Introduction
“Political transitions usually trigger changes in the cultural landscape because place names are largely political discourses and indispensable constituent elements of a political regime’s symbols of power”.Footnote 1 The prompt ruling in the application by John Ssempebwa against Uganda’s capital city authority to change the use of colonial street names was coincidentally pronounced in February 2025, the same month that justice for Africans and people of African descent through reparations was launched by African heads of state and government as the African Union theme of the year 2025. It is noteworthy that the development also followed the commencement of a second International Decade for People of African Descent in January 2025, proclaimed by the UN General Assembly on 17 December 2024 based on the theme: recognition, justice and development of people of African descent.Footnote 2
The African Union perceives reparation to Africa to comprise of initiatives that address historical injustices resulting from enslavement of Africans, colonization and systemic discrimination.Footnote 3 These endeavours include historical acknowledgement of the impact of colonialism and slavery on African societies, promotion of the African cultural heritage that was suppressed or destroyed during colonial times, reform of policies (and of necessity practices) that perpetuate inequality and discrimination, and continued advocacy for reparation, among the eight undertakings identified.Footnote 4 These multilayered, multifaceted, multisectoral and multidimensional approaches are valid at the domestic, regional and international levels.

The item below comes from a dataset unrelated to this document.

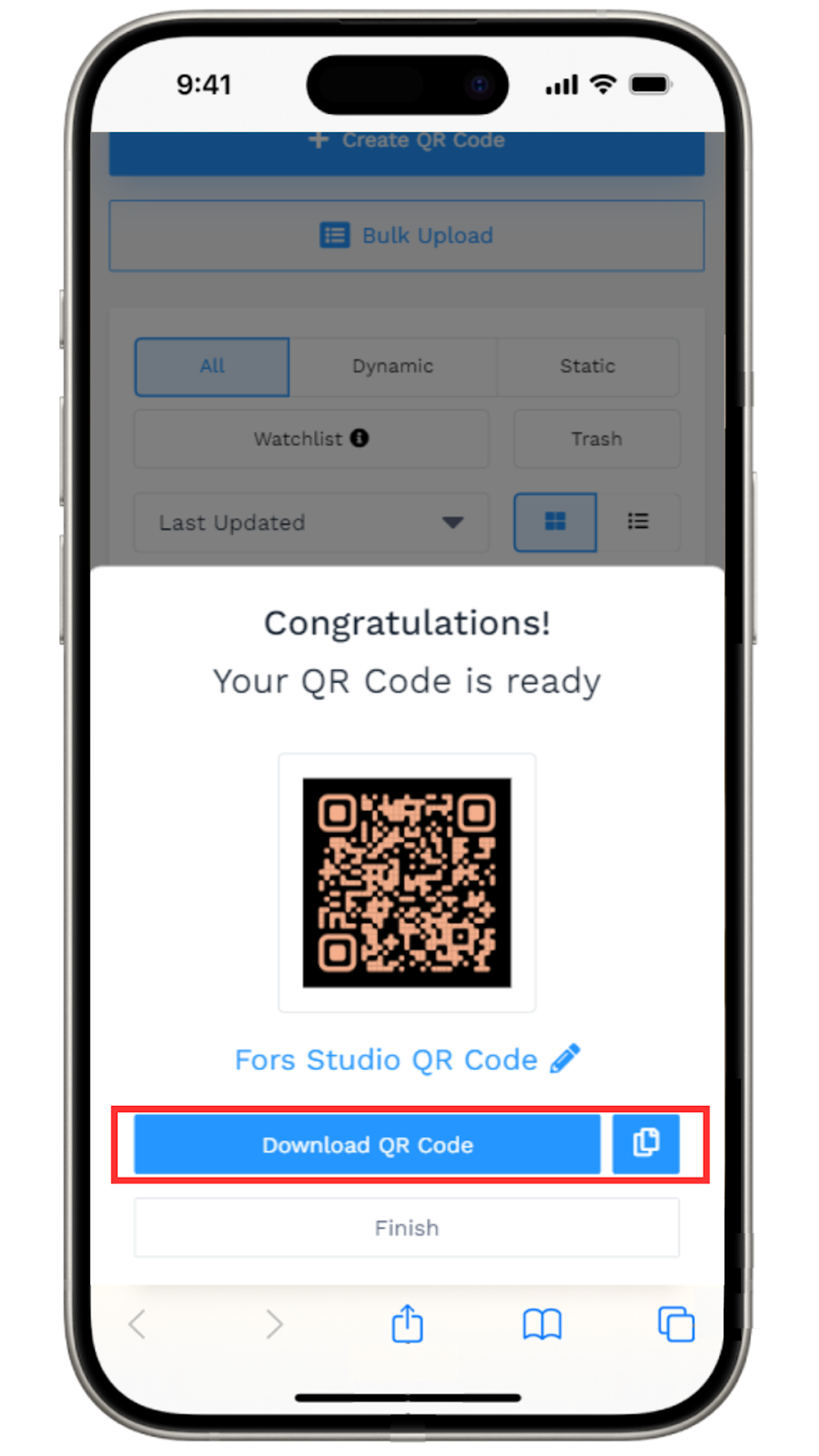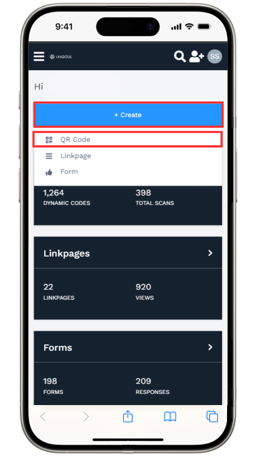 With Uniqode, you can easily create a dynamic QR Code on your iPhone. This QR Code generator works on Safari or a browser of your choice on iOS. With this, you can:

Uganda formally became a British colonial creation (or so-called protectorate) on 18 June 1894Footnote 5 and was administered as such until it obtained its independence on 9 October 1962. The Order in Council vested all government powers in the commissioner, who administered the government on behalf and in the name of the king of Britain.Footnote 6
John Ssempebwa, with the support of two senior Ugandan academics, filed an application against Kampala Capital City Authority (KCCA) in the High Court of Uganda in June 2024. He sought several orders, declarations and reliefs intended to compel the city authorities to adopt a decolonial approach to memory and recognition. By relying on constitutional provisions to support their averments for reparation, the applicants attempted to constitutionalize the subject.
Summary of the decision
The application was supported by three affidavits by John Ssempebwa, a historian, human rights activist and proprietor of a museum, Professor Samwiri Lwanga Luyiigo, a professor of Uganda history and author, and Dr Busingye Kabumba, acting director of the Human Rights and Peace Center of Makerere University Faculty of Law. They averred that i) KCCA used, and continues to use on public roads, names of individuals that benefitted from or were responsible for heinous crimes including torture, cruel, degrading and inhuman treatment, discrimination and subjugation of the peoples of Uganda (examples mentioned include Lord Fredrick Lugard, Captain William, Sir Edward Colville, Colonel Trevor Ternan, Sir Henry (Harry) Hamilton Johnstone, Sir Gerald Herbert Portal and others like Queen Alexandrina Victoria, King Edward VII, King George VI, Queen Elizabeth Mary Windsor II, the House of Windsor, the Kings African Rifles (KAR), Sir Ernest J Lennox Berkeley and Sir William Mackinnon); ii) honouring colonial figures that were responsible for the conquest, occupation and imposition of a violent, oppressive and exploitative imperial regime distorts history by glorifying colonial offices and the British monarchy while ignoring the harm and exploitation they inflicted upon local populations; iii) honouring colonial agents is also symbolic of ongoing oppressions and perpetuates the notion that colonialism is prevalent and valid many decades after Uganda attained its independence. It undermines the sense of independence from British colonial rule and the Ugandan’s right to self-determination. It also symbolizes and perpetuates a nefarious legacy of violence, domination, control, abuse, impunity and colonial oppression within Kampala and other parts of Uganda, which should come to an end. In their language, it indicates a lack of serious decolonization efforts by KCCA.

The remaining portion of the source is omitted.